[EXERCISE BRIEF]
The answer is to be the lines below that lie between the line holding "Motswedi Botella agua" and the line holding "博客來 日本beautyjapan 抗寒保暖加厚內絨毛麻花毛球針織毛線帽0082米", inclusive, transcribed exactly and free of pictures.
AVAILABLE RECORDS Start Marker
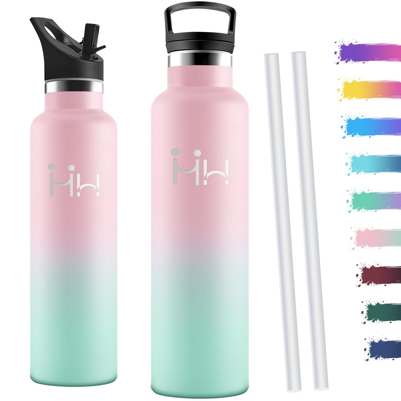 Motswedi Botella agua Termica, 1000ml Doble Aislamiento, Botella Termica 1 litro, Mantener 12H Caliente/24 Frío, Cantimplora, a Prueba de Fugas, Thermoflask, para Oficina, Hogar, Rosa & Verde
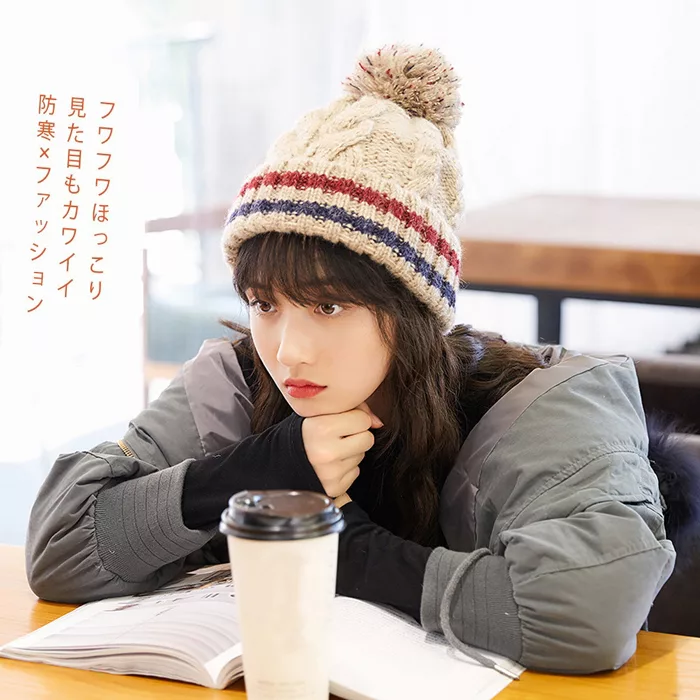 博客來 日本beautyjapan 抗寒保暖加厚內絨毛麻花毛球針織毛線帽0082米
AVAILABLE RECORDS End Marker
AVAILABLE RECORDS Start Marker
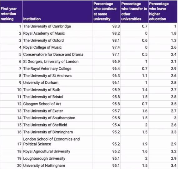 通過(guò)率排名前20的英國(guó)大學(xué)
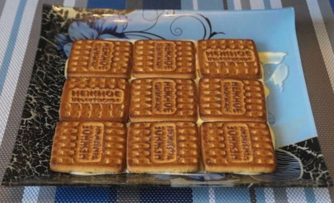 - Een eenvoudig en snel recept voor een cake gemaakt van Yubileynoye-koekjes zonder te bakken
AVAILABLE RECORDS End Marker
AVAILABLE RECORDS Start Marker
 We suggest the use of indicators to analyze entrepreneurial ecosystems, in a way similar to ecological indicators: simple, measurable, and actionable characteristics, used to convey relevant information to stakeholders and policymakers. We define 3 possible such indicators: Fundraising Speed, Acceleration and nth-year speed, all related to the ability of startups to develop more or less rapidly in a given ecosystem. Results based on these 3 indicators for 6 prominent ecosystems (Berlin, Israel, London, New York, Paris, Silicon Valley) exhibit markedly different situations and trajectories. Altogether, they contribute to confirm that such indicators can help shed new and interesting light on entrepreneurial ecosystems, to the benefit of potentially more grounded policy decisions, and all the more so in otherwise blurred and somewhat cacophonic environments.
AVAILABLE RECORDS End Marker
[ANSWER FOR THE TASK]
 Motswedi Botella agua Termica, 1000ml Doble Aislamiento, Botella Termica 1 litro, Mantener 12H Caliente/24 Frío, Cantimplora, a Prueba de Fugas, Thermoflask, para Oficina, Hogar, Rosa & Verde
 博客來 日本beautyjapan 抗寒保暖加厚內絨毛麻花毛球針織毛線帽0082米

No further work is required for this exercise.